A multi-agent system that researches, generates, validates, and commits production-ready Terraform modules for AWS — through conversation.

Quick Start · Docs · Report Bug · Request Feature

Demo

Generating a VPC module from a single prompt — planning, skill creation, code generation, validation, and GitHub commit — all through conversation.

Why AWS Orchestrator?

The problem. Writing Terraform modules isn't the hard part. Writing them well is.
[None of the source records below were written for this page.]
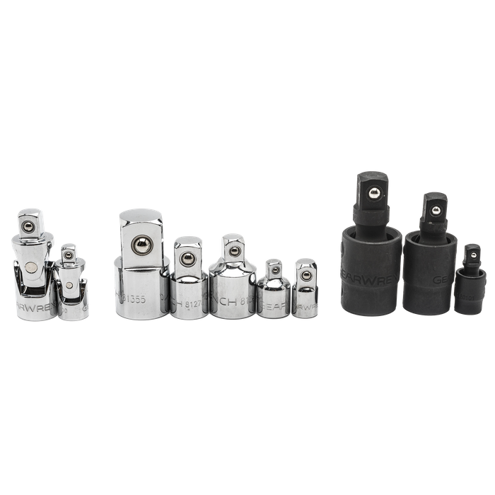 The GEARWRENCH master universal adapter set includes 1/4", 3/8", & 1/2" drive adapters and universal joints for hand and impact applications. They will allow the user to use different size ratchets, sockets, & extensions to reach all fasteners and get the job finished quickly.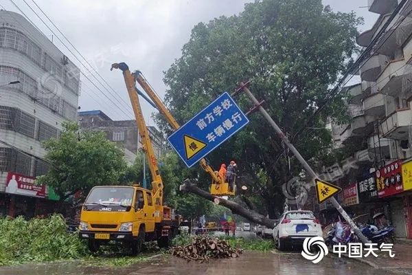 受台风“泰利”影响,广西多地出现道路积水、树木告示牌被吹倒。(图/中国天气网)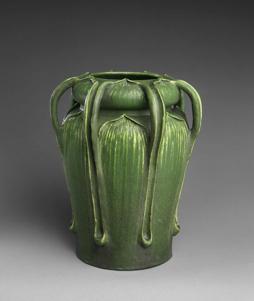 Curator: Standing before us is an earthenware vase crafted by William J. Walley sometime between 1893 and 1903. It is aptly titled "Vase with Satyr-head handles." Editor: It strikes me immediately as something ancient, yet also subtly menacing. The green glaze gives it an earthy feel, but those satyr heads—are they grinning or grimacing? Curator: The satyr heads are a fascinating allusion, grounding the piece in Greek and Roman traditions while reflecting the American art pottery movement’s engagement with classical forms. It suggests an appropriation and reinterpretation of European aesthetics, fitting within the broader context of American artistic identity formation during the late 19th century. Editor: Absolutely. Satyrs themselves are potent symbols, representing the duality of human nature—part human, part animal. Those expressive satyr heads also serve a functional purpose as handles, so we have this interesting interplay of practicality and symbolic weight. The choice of green too…perhaps suggesting growth or decay? Curator: Given the period, I think we must also consider the societal function of such an object. This vase likely occupied a prominent place within a domestic setting, indicating a cultivated taste. It certainly speaks to the aspirational desires of the late-Victorian middle class to acquire objects that evoked classical learning and refinement. Editor: That context of display is critical. It is almost as if this satyr embodies a certain rebellious spirit caged within polite society. Do you think the relative darkness in the facial area suggests inner-turmoil? Curator: Perhaps. I am more inclined to see it as a nod toward prevailing attitudes. The deliberate craftsmanship in those handles presents a clear assertion about its owner’s socio-economic status, subtly reaffirming a cultural hierarchy. Editor: I like the point about status! And the tension is amazing; these faces are neither comforting nor hostile. There is just this watchful stillness that implies they could shift into either emotional mode, like a coin flip between Dionysian revelry and some unspoken consequence of excess. It is a fascinating little drama. Curator: Indeed, it's a work that continues to prompt dialogue around aesthetics, historical narratives, and socio-political realities, particularly in late 19th century America. Editor: And for me, this object's symbolic tension shows a rich reflection of a society grappling with its own identity.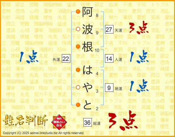 阿波根はやとさんの総運は36画の3点!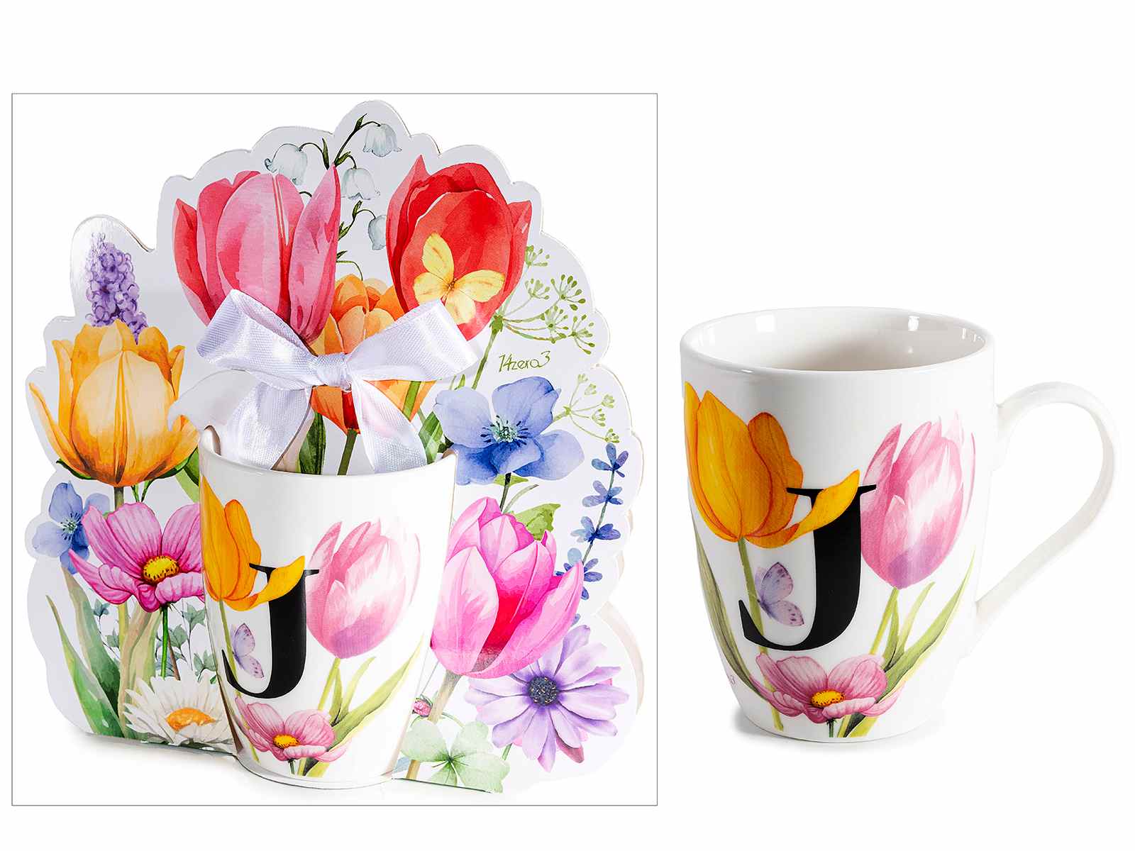 Tazas de porcelana con estampado floral y letra inicial J en una caja de regalo con forma y lazo.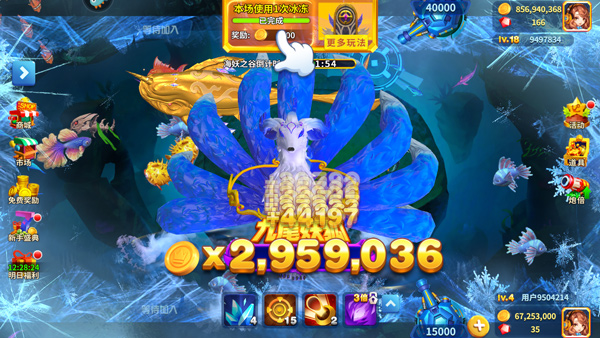 5、游戏里的捕到大鱼的概率非常的高,而且金币也是非常的多,基本上不会破产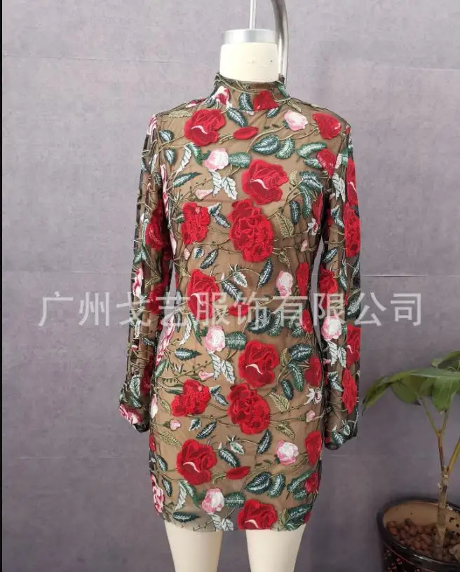 2023 New Embroidery Applique Fashion Women Party Dress Nightclub Holidays See Through Mesh Long Sleeves Sexy Dresses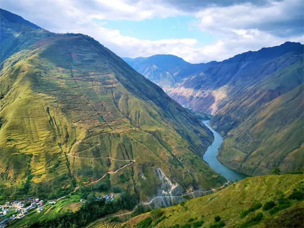 小編為大家提供昆明資訊,昆明旅行攻略,昆明美食,昆明酒店,昆明會展,昆明團建,昆明活動策劃等一切相關(guān)信息。從轎子雪山出發(fā),經(jīng)過烏蒙鄉(xiāng)到雪山鄉(xiāng)的這段掛壁公路可到達普渡河大峽谷。峽谷最高點雪嶺海拔4344米,最低點中梁子村海拔780米,3000多米的垂直落差集中在方圓14公里的范圍內(nèi),這個深切割的高山峽谷在徒步旅游界中被稱為云南的科羅拉多。行走在1800米高的懸崖絕壁之間,一邊感嘆大自然的磅礴大氣,一邊也著實讓人膽戰(zhàn)心驚。

Every new AWS service means reading through provider docs, figuring out CIS benchmarks, remembering your org's tagging conventions, setting up state backends, and wiring up outputs that downstream consumers actually need. Multiply that by every module your team maintains, and you've got a full-time job that isn't making your infrastructure better — it's just keeping it alive.

And when you do get it right, the knowledge lives in one person's head. The rest of the team copies from another module and hopes it works. When the provider updates, the same senior engineer rewrites everything from scratch.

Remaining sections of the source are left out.